Pa: eh::: andava allo (estadio) TF mussolini doveva essere::: dovrebbe essere vicino allo (estadio) TF no? Exemplos semelhantes aos anteriores são “istoria” em lugar de “storia” (em português, história), ou a pronúncia de sons complexos como a trigrama “gli” ou as consonantes geminadas. No momento em que os aprendizes passam para a complexa operação de transposição dos fonemas em grafemas, a pronúncia segue sempre o sistema de referência português/brasileiro. Como mostram as sequências a seguir, parece que os alunos utilizam esses recursos não tanto porque não conhecem a pronúncia em LE (no exemplo 29, Pasquale intervém prontamente com uma autocorreção e diz “emme”, em lugar de “em”), mas porque a L1 ajuda a dirigir a atenção para a forma (ver, entre outros, ANTÓN; DiCAMILLA, 1998; SCOTT; de la FUENTE 2008; SWAIN; LAPKIN, 2000):

EXEMPLO 29

O grupo, após ter lido o texto, responde às perguntas que pedem para que seja feita a análise do trecho.
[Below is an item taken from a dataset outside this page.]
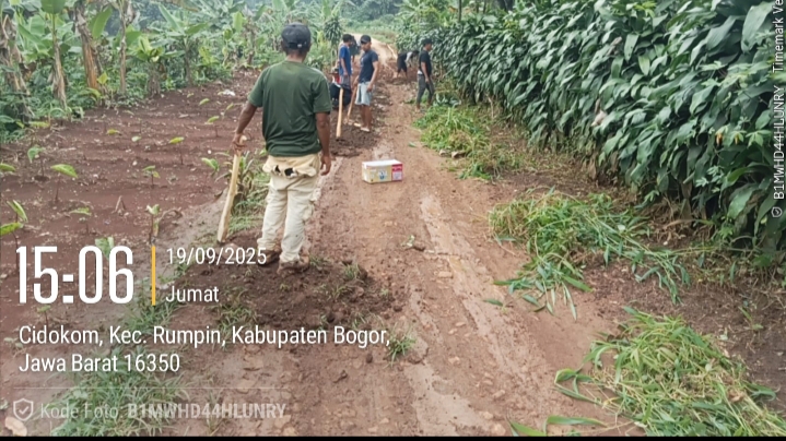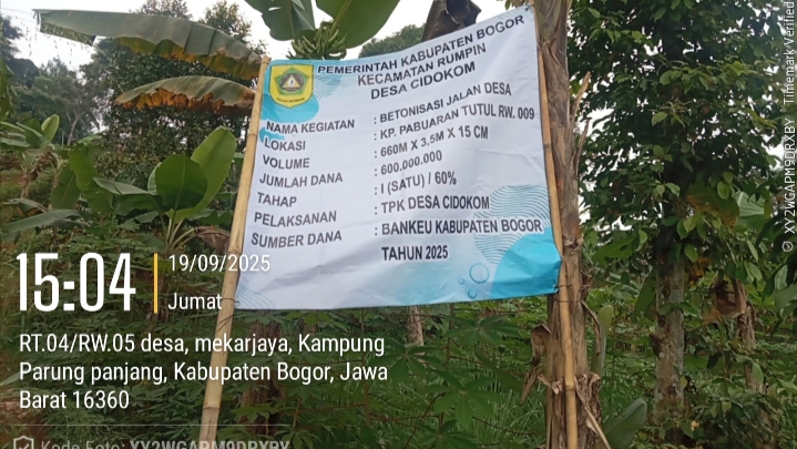 Bogor.swaradesaku.com. Pemerintah Kabupaten Bogor melalui program Bantuan Keuangan Infrastruktur Desa (Bankeu) Tahun Anggaran 2025, mendanai kegiatan betonisasi jalan desa di Desa Cidokom, Kecamatan Rumpin. Pekerjaan tersebut berlokasi di Kampung Pabuarantutul RW 009 dengan panjang 660 meter, lebar 3,5 meter, dan ketebalan 15 cm.(22/09/2025).

Pa: sì… come si scrive immobilità con la doppia (em) TF emme

Ad: non lo so bene le doppie sono::: un mio problema EXEMPLO 30

Estão escrevendo as respostas

L: ((escrevendo)) fin sin dal no dois (ele) TF da F: mettiamo il titolo?

Os transfer que definimos discursivos acontecem quando, tendo de referir-se a um aspecto que pertence a seu país, como, por exemplo, uma localidade, o nome de uma personagem ou um elemento enraizado na sua cultura, o falante sente-se quase na obrigação de usar a palavra em português, mantendo intacta a pronúncia. São raras as vezes em que a pronúncia é adaptada à pronúncia italiana. Essa tipologia de transfer tem um valor expressivo forte e, diferentemente dos exemplos precedentes, em que se usa a pronúncia da L1 por dificuldades de tipo articulatório, os aprendizes mantêm inalterada a pronúncia para salientar uma carga afetiva, dado que a LM, como lembra Revuz (1998, p. 217), é “material fundador de nosso psiquismo e de nossa vida relacional”. Vejamos as sequências selecionadas:

EXEMPLO 31

A dupla está formulando hipóteses sobre o conteúdo do vídeo. L: è è molto bello il (pão de açúcar) TF il bonde il bondinho F: è molto bello

EXEMPLO 32

Os estudantes estão formulando hipóteses sobre o trecho de vídeo que acabaram de ver. An: qui sta (mostrando) TR eh::: il (marcanã maracanã) TF

M: ((anuindo))

An: c’è anche il museo di::: arte moderna in niteroi che è quello di::: M: ah non so non conosco rio ((risos))

An: io (amo) TF rio ((risos)) eh::: dio santo ho dimenticato il nome… (niemeyer) TF quello che sembra un::: disco voador141

M: sì

An: il museo di arte moderna di::: di arte contemporanea il mac (del) TR (rio) TF che::: si (in realità) ES è

Selecionamos esses dois exemplos, em que os participantes acabaram de ver um vídeo sobre o Rio de Janeiro e devem comentá-lo juntos, porque são representativos do fenômeno acima referido. No primeiro exemplo, Laura fala do “pão de açúcar”, uma localidade turística do Rio, com a pronúncia brasileira, e do “bonde”, outro símbolo do Rio, palavra que é preferida a “tram” pela carga expressiva que possui. No segundo exemplo, entretanto, os falantes acabam alternando formas híbridas de pronúncia, utilizando ora a L1, ora a pronúncia italiana. Quando isso acontece, esse fenômeno suscita risos “non so non conosco rio ((risos))”, como se, renunciando à pronúncia da LM, o aprendiz se sentisse diante de uma realidade diferente, desprovida de carga afetiva.